Kids will be in three groups – Druids, Royal travelers, and Bandits. Rook is making up a ton of character stuff which I have nothing to do with. But I know the general plot and am good at atmosphere and props! Someone will have to push me up the hill, but once I’m there it’s all fairly level and with firmly packed dirt paths. I’ll sit in the druid ruins on some pillows and blankets as the Elder Druid.
I made a few props besides the map. $3.99 got me a clear brown-tinted plastic wine glass. It’s got black and italian red stripes with gold paint pen on top. If you’re making cheesy props for a role playing game it is VERY useful to know how to write in runes!
Runes make everything cooler AND sillier.
Onward to the puzzles and scrolls. Any decent thick drawing paper makes them nicer, but plain printer paper works too. Write whatever you like in black or brown ink. I think brown ink looks best. Then paint the scroll front and back with a mixture of coffee and brown watercolor paint. Let it dry a little while, then roll the scroll while it’s still wet. Let it dry all the way tied with a ribbon, or bake it on low heat in the oven. Ketchup makes very good bloodstains, but smells horribly like ketchup if baked. Char the edges of the scroll slightly with a candle. Other paper-browning substances are soda, chocolate sauce, and so on. Chocolate sauce and ketchup impart an interesting sheen of age. If you have a crafty kid who doesn’t mind making a mess and if YOU don’t mind a bit of paper on fire in your sink then experimenting with scrolls can take up a whole afternoon or weekend to find the best mix. I’ve always wanted to try oiled paper outer wrappers.

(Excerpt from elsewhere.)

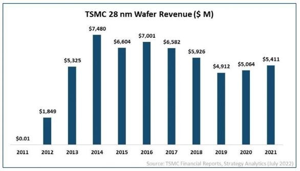 據 Strategy Analytics 機構報告,在經歷了十年后,臺積電 28nm 芯片仍擁有可觀的收益。臺積電、聯華電子和中芯國際正在進一步擴大 28nm 產能。2021 年,28nm 晶圓代工總營收超過 72 億美元(約 486.72 億元人民幣),臺積電占約四分之三的營收份額。

The first puzzle is a simple substitution cipher, but first you have to solve the small math problems to get the numbers. I think a few smart 13 year olds can figure out what the 5th Fibonacci number is.
The second puzzle is a poem written in runes. they’re cheaty runes, a mix of half-remembered Futhark and Tolkien. But they work, and I can (scarily) write in them as fast as regular writing. Once the poem is decoded, it’s a riddle that I think might take them a minute or two to figure out, and it should lead them on to the next clue.
I didn’t want the puzzles to be too babyish. But not as hard as the ones I made for my grown up friends with slips of paper in books all over the house. (I remember one that was like “Oh, Hero’s Friend!” and it was “oleander” ie the egg with the next clue was hidden in the oleander bushes. The hint was in a book of Greek drama. I wish I had those somewhere – they were hard!
ONce they get the chalice, the amulet, and the wand, some other stuff can happen. We figure the bandits and the royals will fight for a while and spy on each other, but then work together for the cause.
I want to introduce currency into this game in case anyone wants to play it up. So the royals should have a bunch of money, the bandits less individually but a treasure chest; and the druids (me) might charge for healing after battles. Maybe they’ll bribe and hire each other. I don’t know! But whoever ends up the wealthiest should get to be powerful in the True Queen’s court. So, we need like 12 little bags full of pennies and I think E. is coming over tomorrow with some fabric scraps to make the money pouches. I also need to make a quiver for Moomin’s 3 Nerf Rocket Arrows.
Dinner will be in character during the game, as the travellers dine with the druids in an encampment, and then are raided by bandits who take over the feast. I figure a couple of rotisserie chickens, loaves of bread, cheese, honey and apples make a good feast.
We should have some great photos, as long as we’re not all eaten by mountain lions. TOTALLY JOKING… there are no mountain lions… it’s a suburban park full of people and we’ll be incredibly loud and silly yelling ho there varlet & such waving our plastic swords. No one could mistake us for deer!
This is a cheap party to give, as long as you already have swords or will make them, and can scrabble together costumes. The kids have all been in shakespeare plays at school plus Ren Faire, so they had the clothes for it.
If no one gets poison oak then it will all be perfect!